**ACTIVITY**
Pictures are to be left out, and only the lines below starting at the one with "The Technical Windbreaker" and ending at the one with "Na sequência, escolher" are to be reproduced, each exactly, both ends included.

**EXTRACTED ENTRIES**
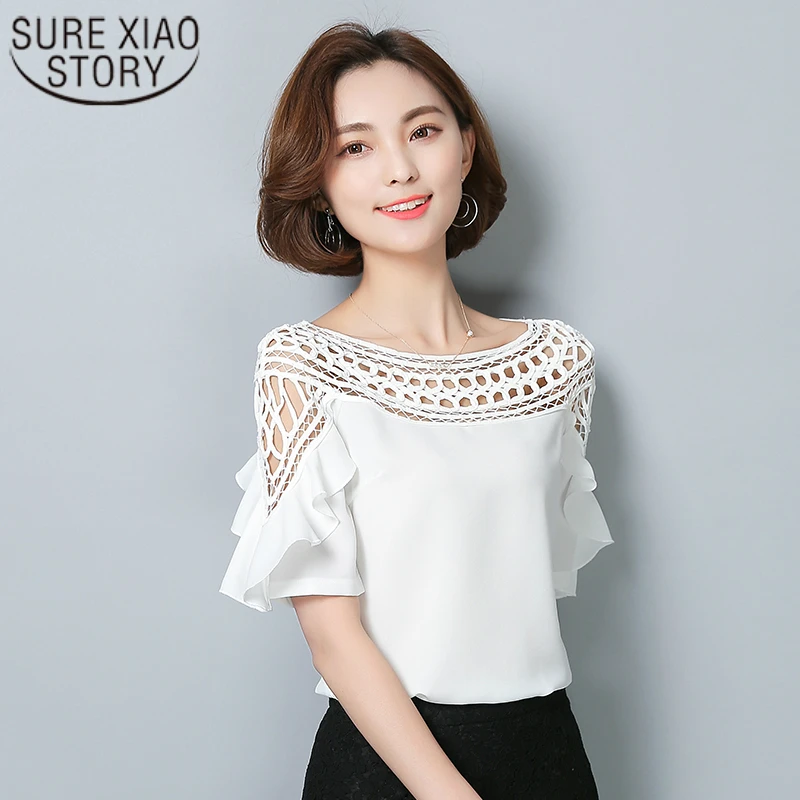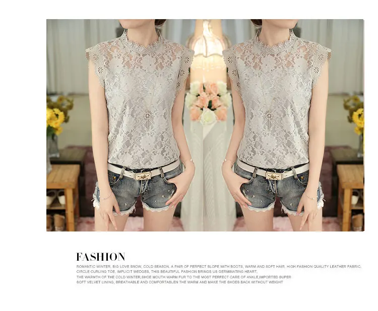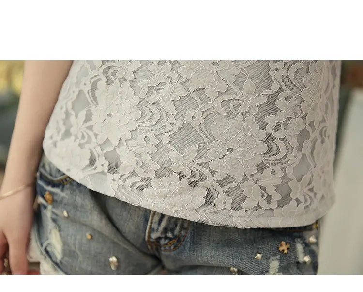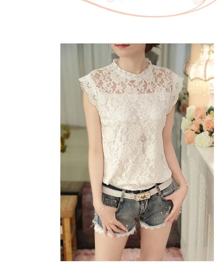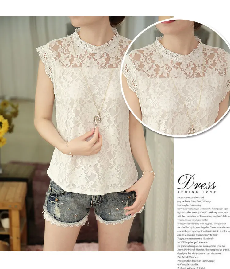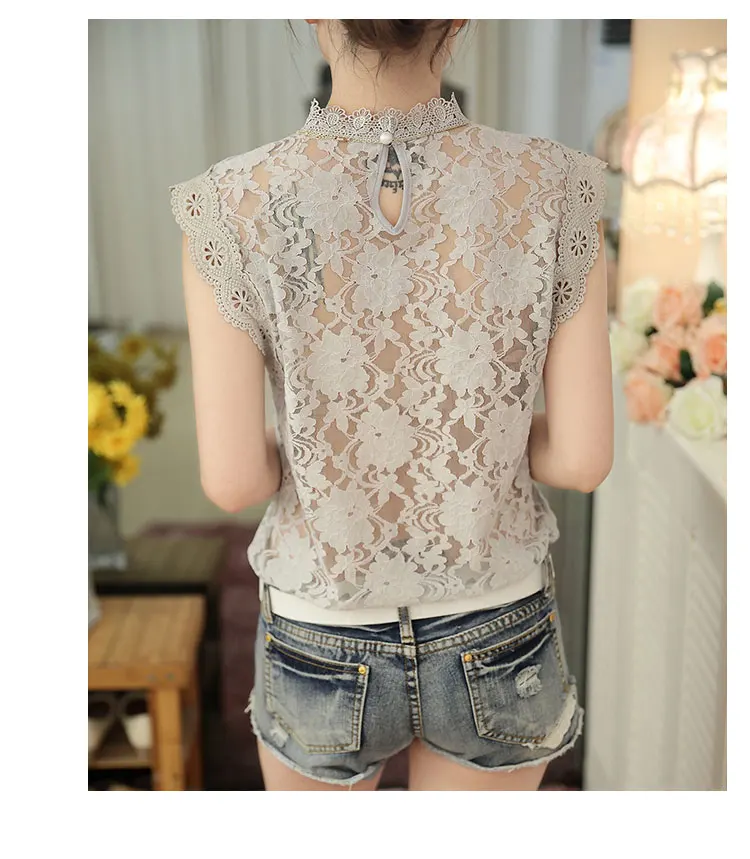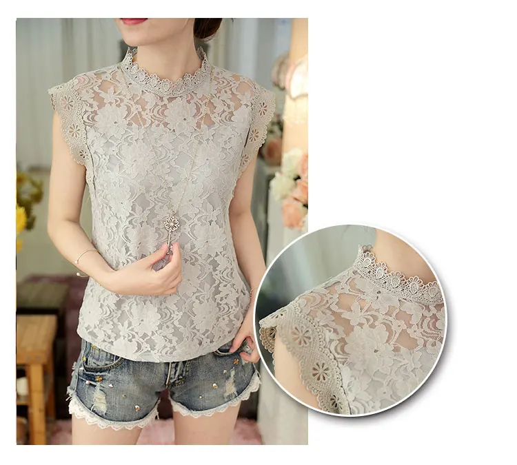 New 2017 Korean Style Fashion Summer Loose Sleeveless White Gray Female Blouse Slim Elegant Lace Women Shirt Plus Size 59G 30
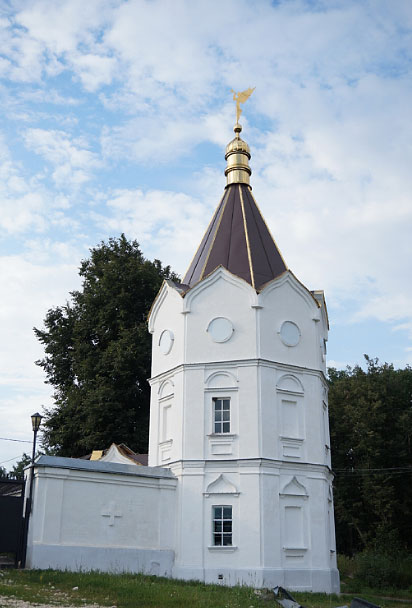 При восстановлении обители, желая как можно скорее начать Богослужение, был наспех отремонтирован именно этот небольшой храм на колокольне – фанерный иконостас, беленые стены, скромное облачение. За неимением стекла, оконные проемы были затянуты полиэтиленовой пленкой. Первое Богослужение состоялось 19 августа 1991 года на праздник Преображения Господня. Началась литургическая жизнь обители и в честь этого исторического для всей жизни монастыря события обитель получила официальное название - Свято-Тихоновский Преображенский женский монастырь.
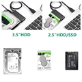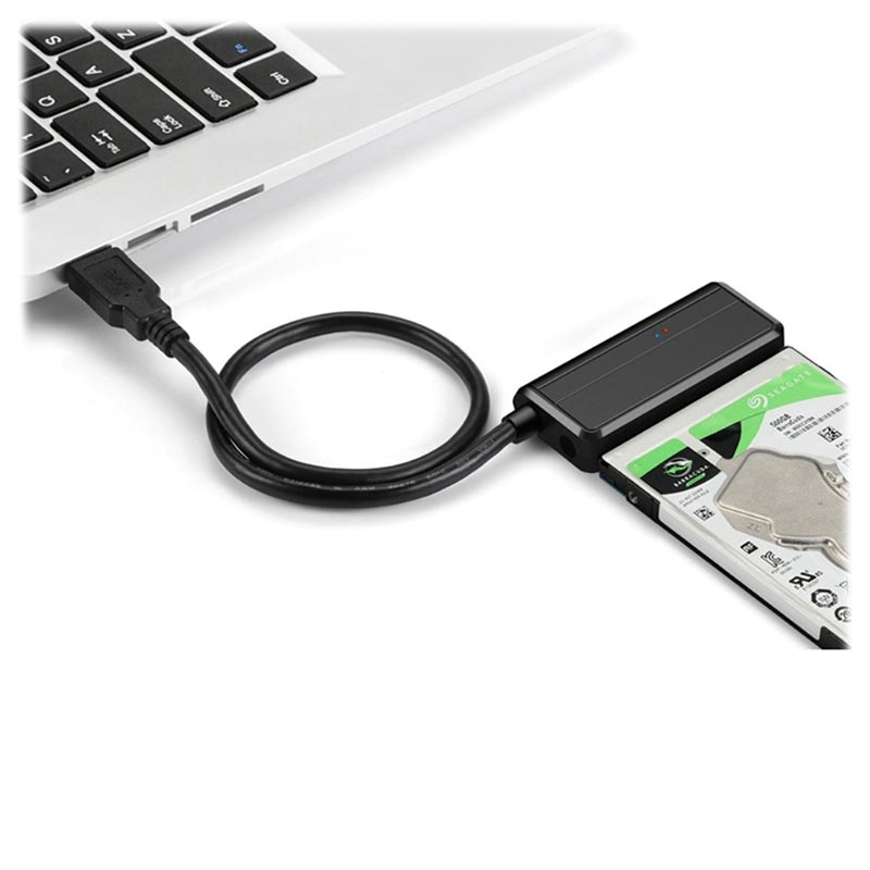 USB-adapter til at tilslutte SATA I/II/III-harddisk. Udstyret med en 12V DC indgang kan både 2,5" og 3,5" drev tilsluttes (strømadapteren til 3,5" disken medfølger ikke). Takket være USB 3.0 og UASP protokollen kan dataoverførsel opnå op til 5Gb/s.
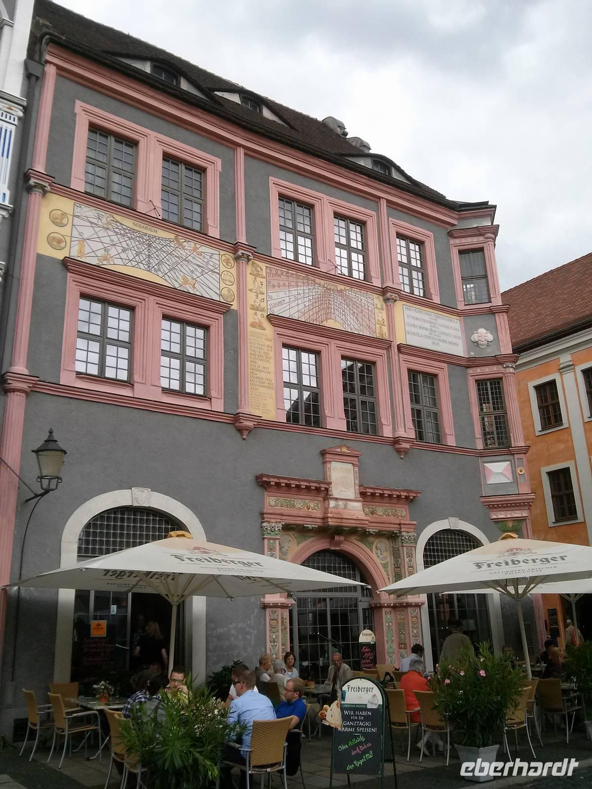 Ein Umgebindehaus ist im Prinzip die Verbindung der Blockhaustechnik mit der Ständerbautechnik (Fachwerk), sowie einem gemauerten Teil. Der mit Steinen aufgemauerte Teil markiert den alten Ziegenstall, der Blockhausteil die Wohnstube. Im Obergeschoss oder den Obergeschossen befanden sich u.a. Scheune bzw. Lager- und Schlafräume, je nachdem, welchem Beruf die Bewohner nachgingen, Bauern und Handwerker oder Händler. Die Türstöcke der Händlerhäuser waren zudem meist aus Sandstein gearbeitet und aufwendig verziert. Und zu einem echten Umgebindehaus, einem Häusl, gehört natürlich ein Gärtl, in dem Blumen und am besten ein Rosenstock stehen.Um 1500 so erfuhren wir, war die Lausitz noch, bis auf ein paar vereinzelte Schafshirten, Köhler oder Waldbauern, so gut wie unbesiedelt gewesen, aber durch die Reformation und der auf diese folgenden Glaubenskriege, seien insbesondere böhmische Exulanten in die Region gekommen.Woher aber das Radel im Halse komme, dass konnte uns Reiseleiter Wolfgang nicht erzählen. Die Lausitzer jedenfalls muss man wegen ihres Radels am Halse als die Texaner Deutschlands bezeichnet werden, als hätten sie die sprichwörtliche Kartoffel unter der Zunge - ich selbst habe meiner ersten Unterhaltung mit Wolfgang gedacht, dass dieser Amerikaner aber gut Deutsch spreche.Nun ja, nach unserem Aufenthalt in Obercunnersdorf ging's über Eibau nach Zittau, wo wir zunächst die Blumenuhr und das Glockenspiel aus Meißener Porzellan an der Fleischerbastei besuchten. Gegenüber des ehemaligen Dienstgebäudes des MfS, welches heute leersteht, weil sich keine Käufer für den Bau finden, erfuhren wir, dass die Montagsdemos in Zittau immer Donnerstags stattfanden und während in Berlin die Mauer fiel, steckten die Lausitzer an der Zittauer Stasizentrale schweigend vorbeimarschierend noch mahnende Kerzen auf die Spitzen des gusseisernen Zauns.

...

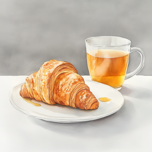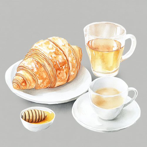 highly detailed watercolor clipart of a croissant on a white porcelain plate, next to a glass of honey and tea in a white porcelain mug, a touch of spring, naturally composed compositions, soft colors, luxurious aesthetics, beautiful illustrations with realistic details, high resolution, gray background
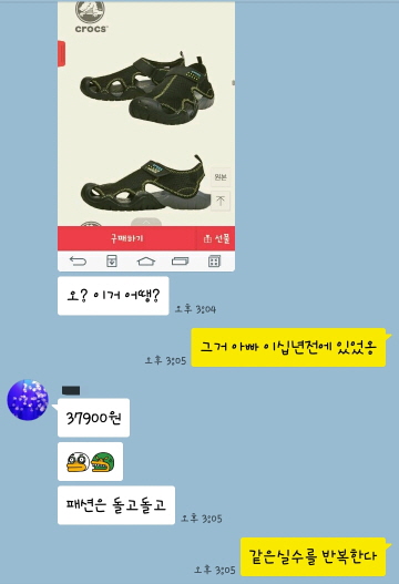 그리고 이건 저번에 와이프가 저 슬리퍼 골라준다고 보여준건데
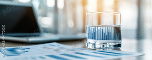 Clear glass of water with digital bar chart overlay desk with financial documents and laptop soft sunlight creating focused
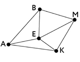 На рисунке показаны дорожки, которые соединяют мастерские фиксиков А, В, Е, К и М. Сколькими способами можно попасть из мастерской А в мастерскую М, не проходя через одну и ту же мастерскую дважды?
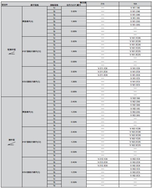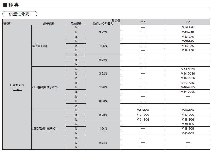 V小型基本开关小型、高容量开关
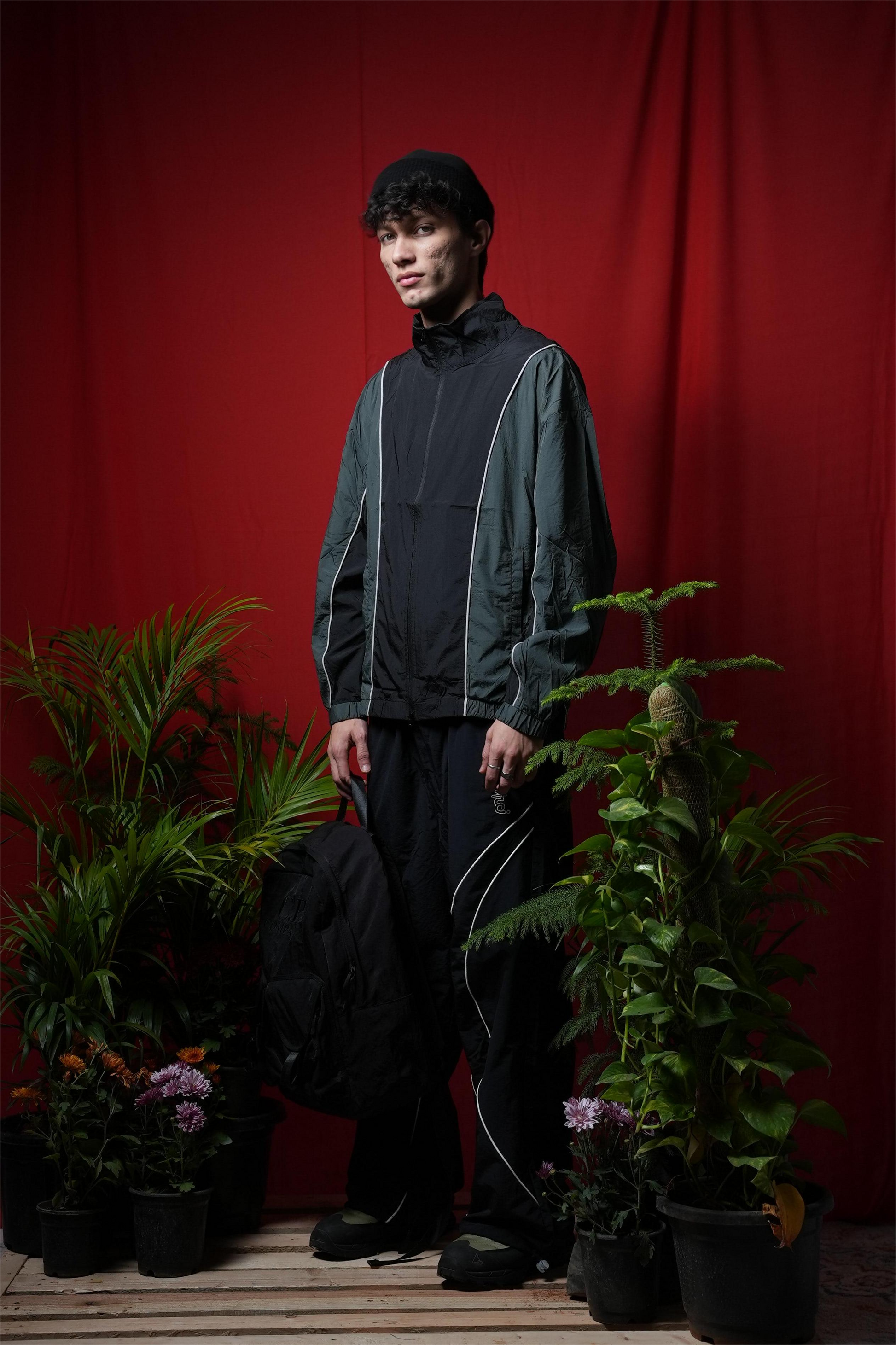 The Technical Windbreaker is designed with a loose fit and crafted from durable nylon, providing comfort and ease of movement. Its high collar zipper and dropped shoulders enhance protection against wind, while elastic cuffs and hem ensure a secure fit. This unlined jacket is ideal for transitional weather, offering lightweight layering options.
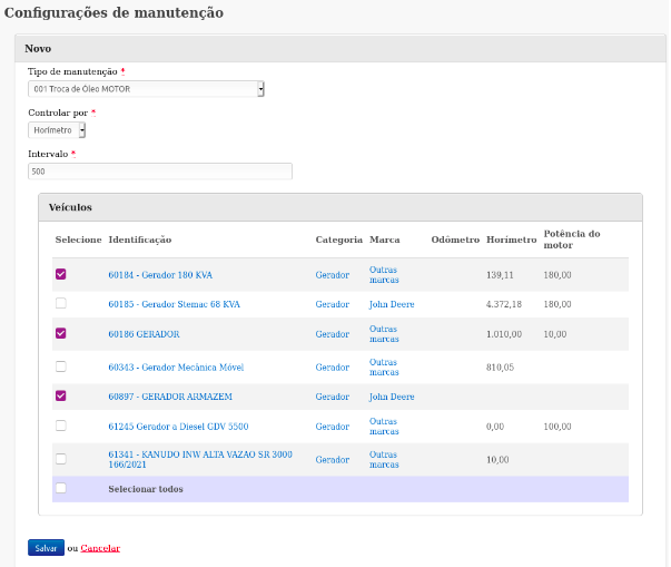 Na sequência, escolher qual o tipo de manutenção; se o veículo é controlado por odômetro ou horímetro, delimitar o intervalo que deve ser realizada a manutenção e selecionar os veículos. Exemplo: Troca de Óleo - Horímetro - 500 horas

...

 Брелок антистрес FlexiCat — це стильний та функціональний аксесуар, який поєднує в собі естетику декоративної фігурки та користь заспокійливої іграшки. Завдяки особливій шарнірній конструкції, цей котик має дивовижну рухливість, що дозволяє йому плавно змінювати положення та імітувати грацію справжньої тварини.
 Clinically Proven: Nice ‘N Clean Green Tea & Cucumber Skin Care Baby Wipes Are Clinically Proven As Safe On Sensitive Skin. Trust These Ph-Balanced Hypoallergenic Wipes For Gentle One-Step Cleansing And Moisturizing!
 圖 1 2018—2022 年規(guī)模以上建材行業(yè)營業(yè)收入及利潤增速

**THE COMPLETED TASK**
 The Technical Windbreaker is designed with a loose fit and crafted from durable nylon, providing comfort and ease of movement. Its high collar zipper and dropped shoulders enhance protection against wind, while elastic cuffs and hem ensure a secure fit. This unlined jacket is ideal for transitional weather, offering lightweight layering options.
 Na sequência, escolher qual o tipo de manutenção; se o veículo é controlado por odômetro ou horímetro, delimitar o intervalo que deve ser realizada a manutenção e selecionar os veículos. Exemplo: Troca de Óleo - Horímetro - 500 horas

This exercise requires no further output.